(Data for this exercise):
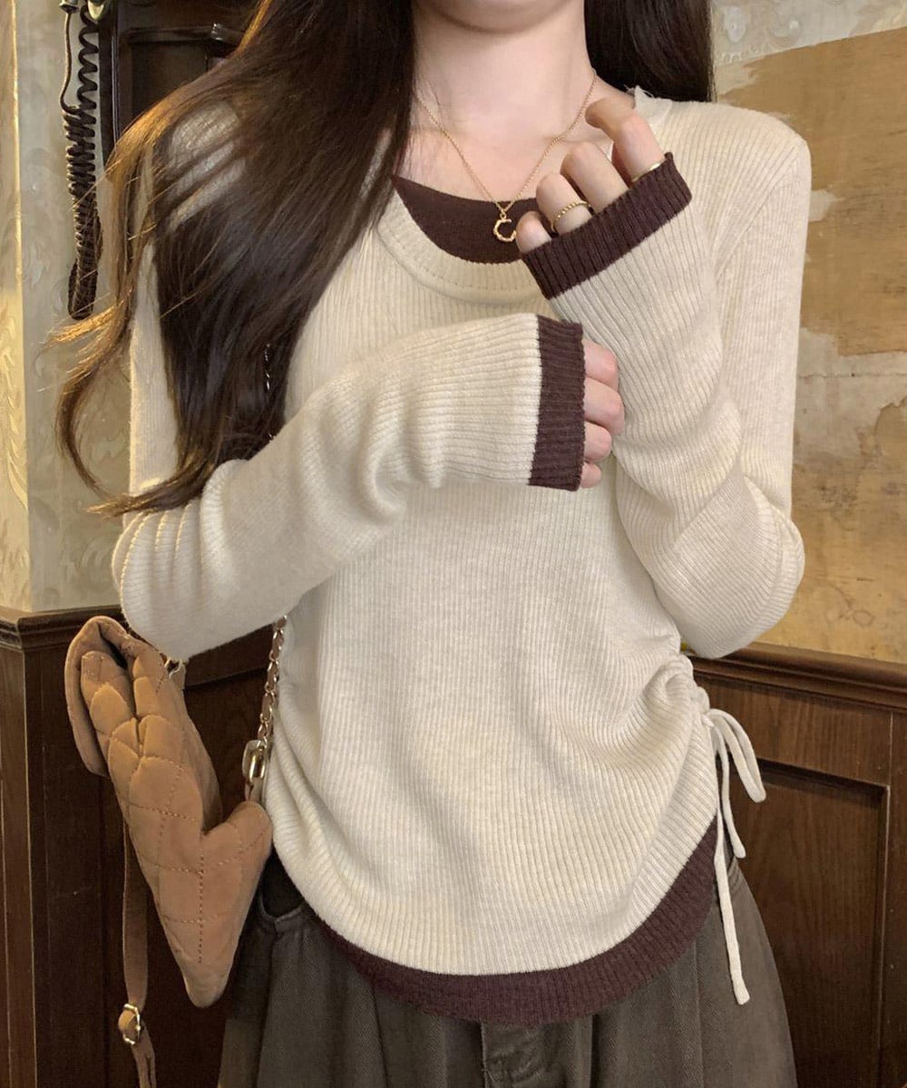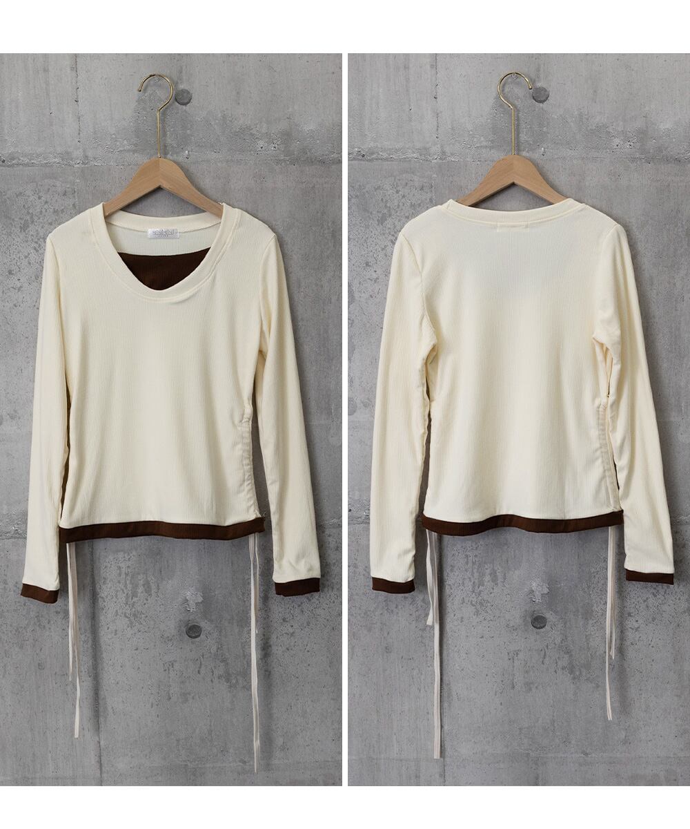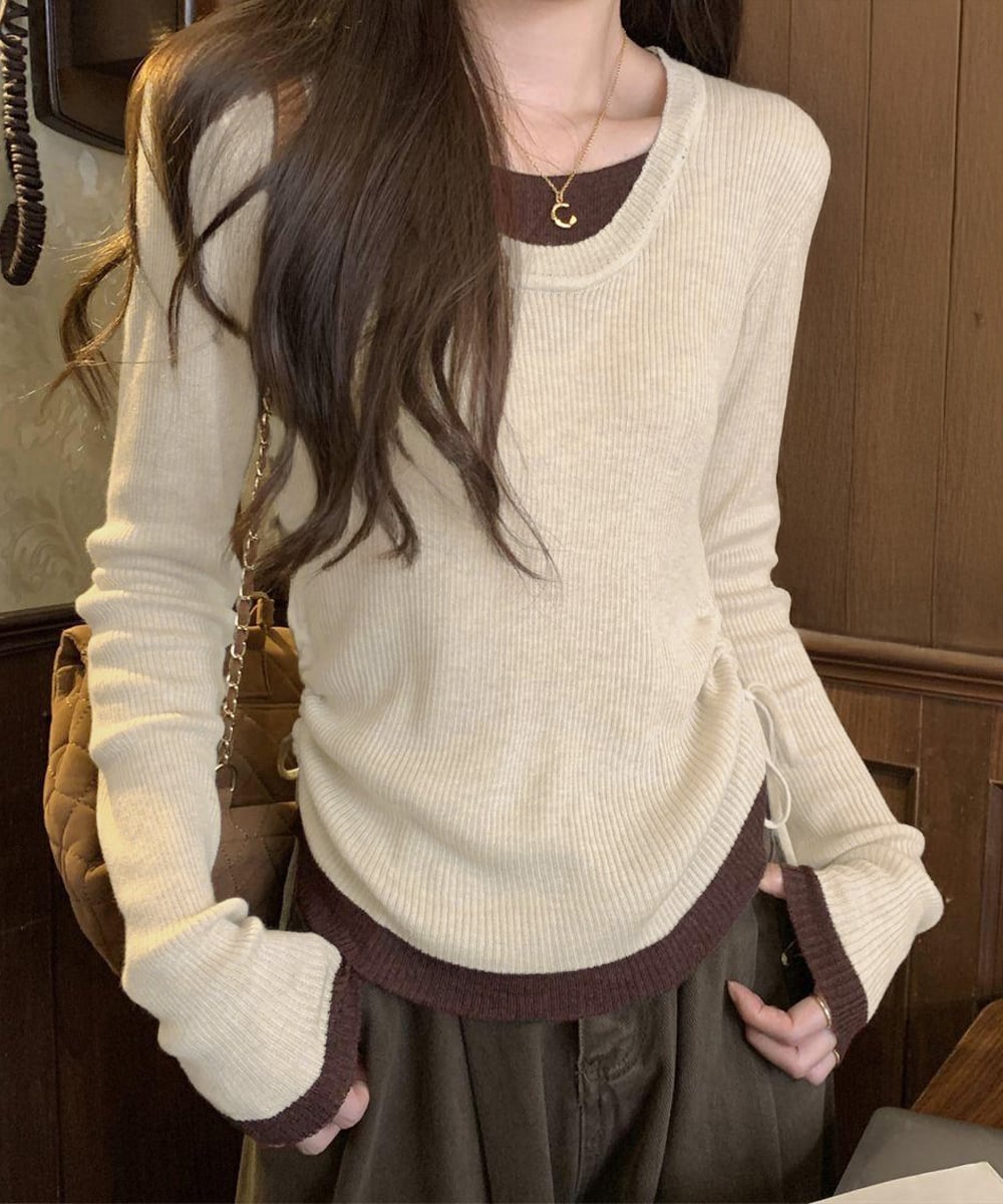 レディース Uネック 重ね着風カットソーサイドギャザー 配色リブトップス 大人カジュアルプルオーバー両側ドローストリング
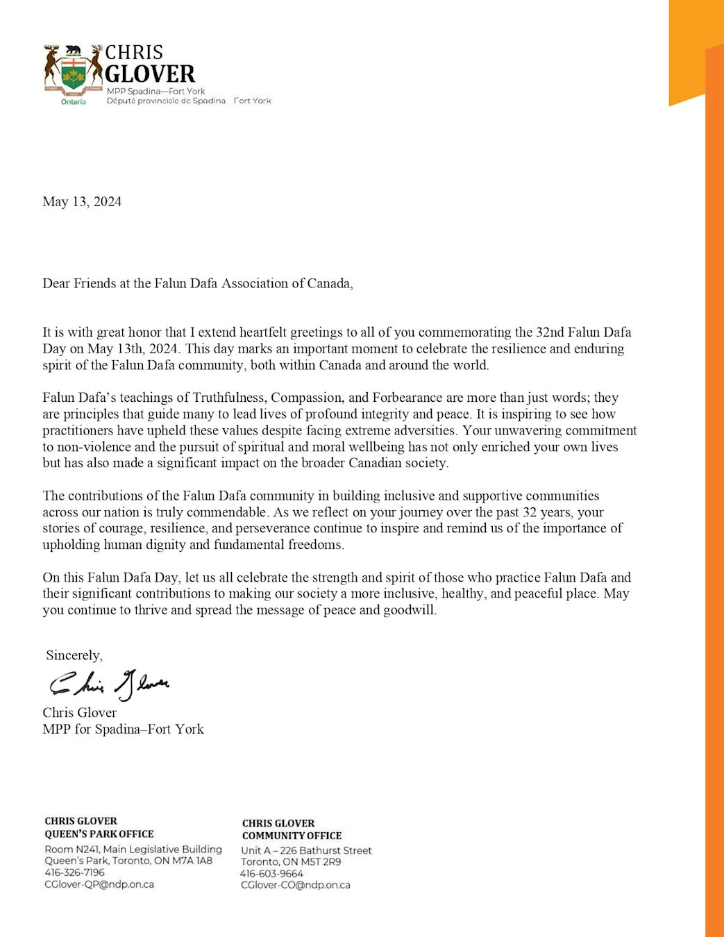 多伦多中区唐人街区省议员克里斯·格洛弗(Chris Glover)在贺信中说:值此纪念二零二四年五月十三日第三十二届法轮大法日之际,我谨向大家致以诚挚的问候。这一天是彰显加拿大和全世界法轮大法团体的坚韧不拔精神的重要时刻。
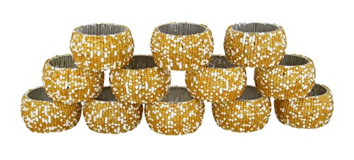 -. Binding : Kitchen -. Brand : ShalinIndia -. Color : Cream -. Feature : Includes a total of twelve napkin rings / Universally sized for table linens at 1.5 inches / Covered with metallic glass beads / Artisan made table decor produced in India / Lovely gift for any occasion -. Label : ShalinCraft -. Manufacturer : ShalinCraft -. ProductGroup : Home -. ProductTypeName : HOME -. Publisher : ShalinCraft -. Size : 1.5 Inch -. Studio : ShalinCraft -. Title : ShalinIndia Napkin Rings Set of 12 Handmade With Glass Beads
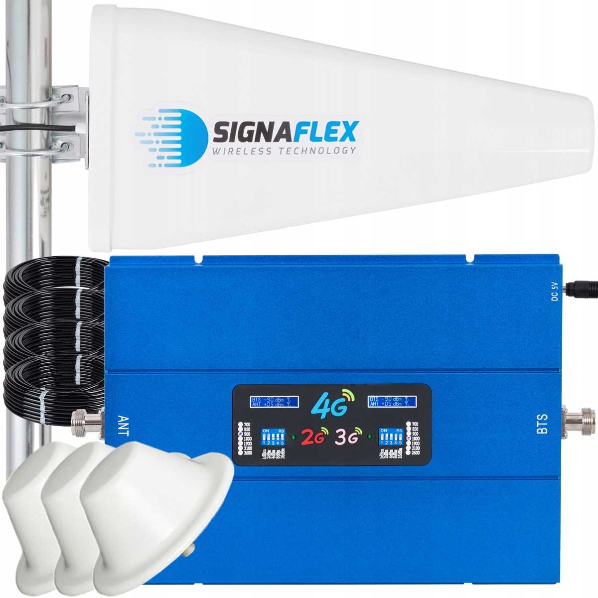 Zestaw Wzmacniacz EGSM/4G BLUE C10 + T1 20dBi 10m + 4x Grzybek
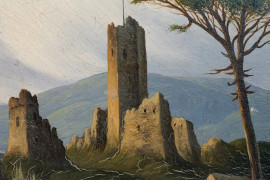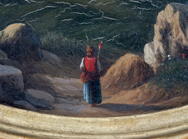 Anonimo, sec.XIX, Coppia di vedute (campagna pisana e campagna romana), olio su cartone ovale, cm 22x26, entro cornice

(Exercise prompt):
Could you set down every entry again exactly as written, leaving out any pictures?

(Exercise output):
 レディース Uネック 重ね着風カットソーサイドギャザー 配色リブトップス 大人カジュアルプルオーバー両側ドローストリング
 多伦多中区唐人街区省议员克里斯·格洛弗(Chris Glover)在贺信中说:值此纪念二零二四年五月十三日第三十二届法轮大法日之际,我谨向大家致以诚挚的问候。这一天是彰显加拿大和全世界法轮大法团体的坚韧不拔精神的重要时刻。
 -. Binding : Kitchen -. Brand : ShalinIndia -. Color : Cream -. Feature : Includes a total of twelve napkin rings / Universally sized for table linens at 1.5 inches / Covered with metallic glass beads / Artisan made table decor produced in India / Lovely gift for any occasion -. Label : ShalinCraft -. Manufacturer : ShalinCraft -. ProductGroup : Home -. ProductTypeName : HOME -. Publisher : ShalinCraft -. Size : 1.5 Inch -. Studio : ShalinCraft -. Title : ShalinIndia Napkin Rings Set of 12 Handmade With Glass Beads
 Zestaw Wzmacniacz EGSM/4G BLUE C10 + T1 20dBi 10m + 4x Grzybek
 Anonimo, sec.XIX, Coppia di vedute (campagna pisana e campagna romana), olio su cartone ovale, cm 22x26, entro cornice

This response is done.